We built this instead of going with the existing RedCarpet Markdown implementation for a number of reasons:

  • From time to time users who are using the current Markdown formatter ask for a spec / formal list of all supported features. No such thing exists for RedCarpet. There is CommonMark but RedCarpet isn't going to support it in the short to medium term (see next point).
  • The future development of RedCarpet is uncertain. Few excerpts from a GitHub issue , a year ago:

Commonmark won't be supported anytime soon

and

A general message about the project for people skimming this thread: I'm sorry Redcarpet isn't really active anymore but my resources are pretty limited since I'm committed to other open source projects and still a student. Feel free to use any existing alternative ; this project isn't the great tool it used to be when it was maintained by Vicent.

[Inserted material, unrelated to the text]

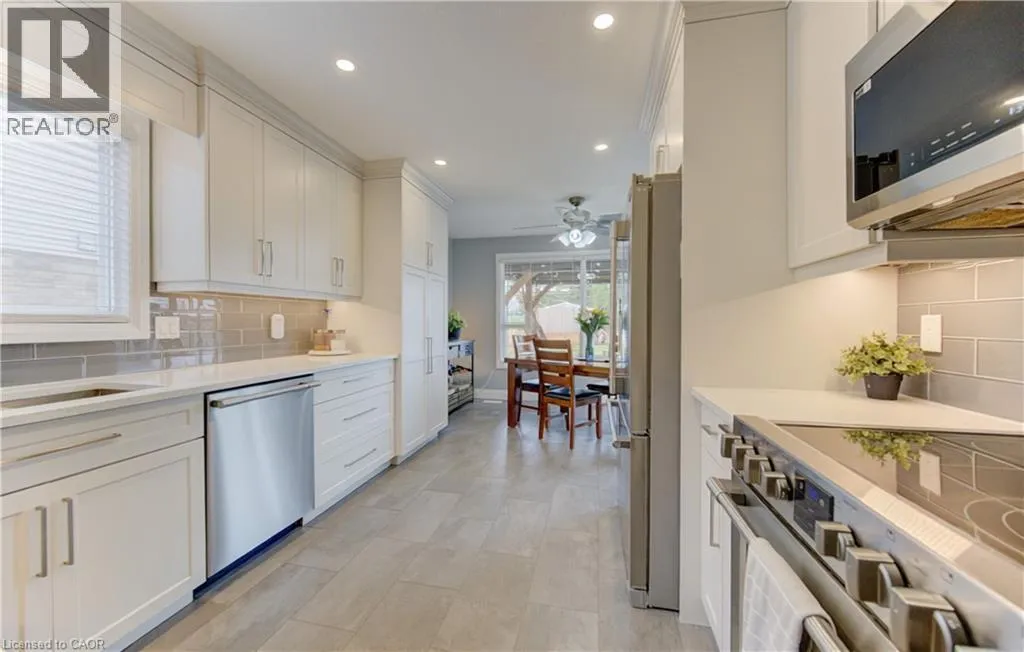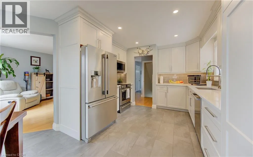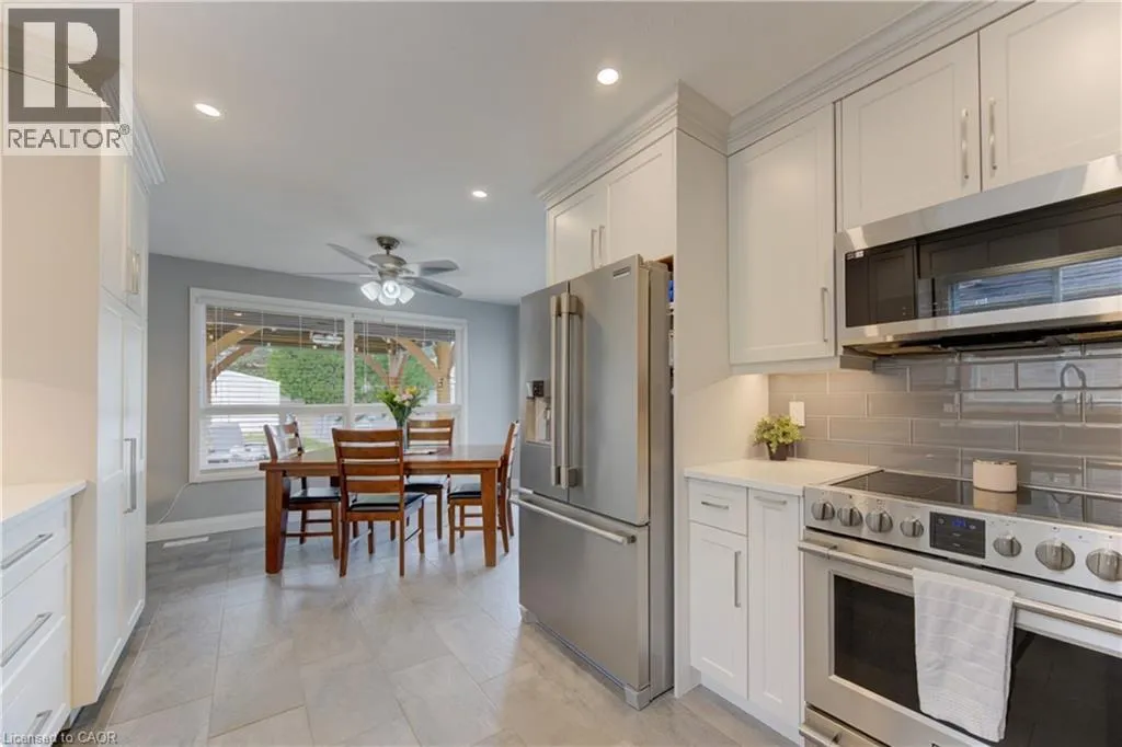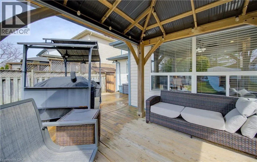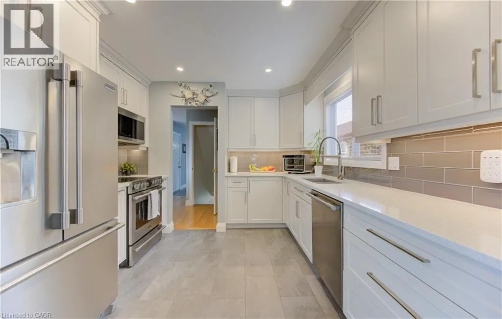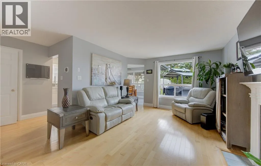Welcome to this stunning two-storey 3+1 bedroom home in highly sought-after North Galtâperfectly situated backing onto a fantastic school, making it an ideal choice for families! From the moment you arrive, youâll be impressed by the exceptional curb appeal, featuring an expanded concrete driveway, manicured lawns, and elegant concrete walkways. This home has been meticulously maintained and proudly shows like a model home. Step inside to a warm and inviting main floor, highlighted by a cozy living room with a gas fireplaceâperfect for relaxing evenings. The oversized eat-in kitchen is a true showstopper, boasting fresh Italian porcelain tile flooring, quartz countertops, high-end finishes, and gleaming stainless steel appliances. Itâs a space designed for both everyday living and effortless entertaining. Additional upgrades include new baseboards throughout the main floor, adding a fresh and modern touch. Upstairs, youâll find three spacious bedrooms, while the finished lower level offers a versatile fourth bedroomâideal for guests, a home office, or additional family space. Step outside to your own private backyard oasis! Fully fenced for privacy, this incredible outdoor living space features an above-ground heated swimming pool, a beautiful gazebo installed on the deck (2022), and plenty of room to entertain or unwind all summer long. Additional highlights include a heated garage, new roof (2015), and a new garage door (2018), offering peace of mind and added comfort year-round. Conveniently located just minutes from excellent schools, shopping, parks, nature trails, and with quick access to Hwy 401 for easy commutingâthis home truly has it all. A must-see propertyâdonât miss your opportunity to call this exceptional home yours! (id:27476)

  • With CommonMark evolving as a Markdown spec that is supported by many implementations and endorsed by organizations like Gitlab and GitHub (which both did the switch from RedCarpet to CommonMarker a while ago), it quickly becomes what users expect when they hear 'Markdown'.
  • Migrating existing Textile content is a bit easier since Pandoc has a dedicated Github Flavored Markdown writer module.
  • The HTML pipeline approach encourages splitting up the formatting process into it's different aspects (html generation, sanitizing, syntax highlighting etc) which allows for better testability and has potential for future re-use of components with other text formatters. Further, HTML pipeline filters work on actual DOM nodes, making tasks like adding classes to links etc much more straight forward and less prone to bugs than doing so with regular expressions.

Last but not least, this formatter solves a number of currently open issues regarding the RedCarpet based Markdown Formatter:

  • #19880 (Incorrect syntax for links in Markdown)
  • #20497 (Markdown formatting supporting HTML)
  • #20841 (Bare URLs in Markdown don't have "external" class)
  • #29172 (Markdown: External links broken)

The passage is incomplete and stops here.